** Opening GIVEN INFORMATION block **
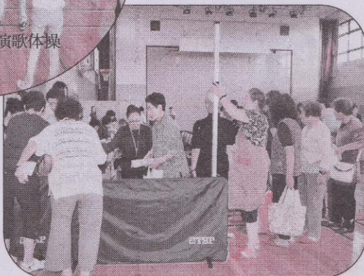
身長変わらなかったわ
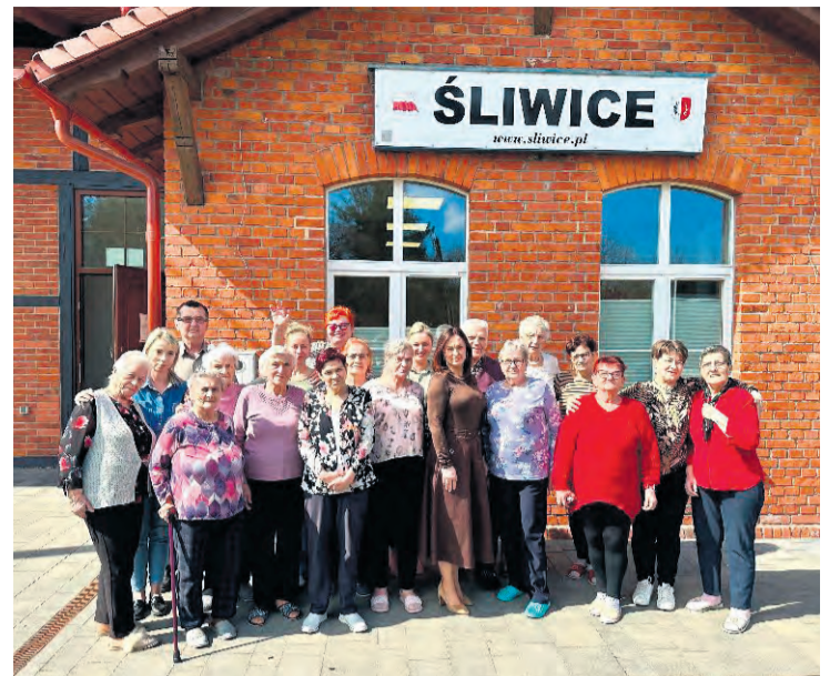
Najważniejszą kwestią dla osób rozważających dołączenie do DDP, to zniwelowanie bariery komunikacyjnej poprzez zapewnione dojazdy.

Dzień w śliwickim DDP ma stały harmonogram. Domownicy przyjeżdżają około godziny 8:30, potem mają śniadanie. Udają się na poranną gimnastykę. Kolejne godziny to dedykowane zajęcia ze specjalistami bądź wyżej wymienione aktywności. O godzinie 14:00 jest obiad, a po nim chwila odpoczynku. Po godzinie 15:00 rozpoczynają się odwozy mieszkańców, które realizowane są w kilku turach, bo korzy-
** Closing GIVEN INFORMATION block **
*DESCRIPTION OF THE TASK*
Pictures are not part of the copy. Restate everything else in the listing word for word.

*WORKED SOLUTION*
身長変わらなかったわ
Najważniejszą kwestią dla osób rozważających dołączenie do DDP, to zniwelowanie bariery komunikacyjnej poprzez zapewnione dojazdy.

Dzień w śliwickim DDP ma stały harmonogram. Domownicy przyjeżdżają około godziny 8:30, potem mają śniadanie. Udają się na poranną gimnastykę. Kolejne godziny to dedykowane zajęcia ze specjalistami bądź wyżej wymienione aktywności. O godzinie 14:00 jest obiad, a po nim chwila odpoczynku. Po godzinie 15:00 rozpoczynają się odwozy mieszkańców, które realizowane są w kilku turach, bo korzy-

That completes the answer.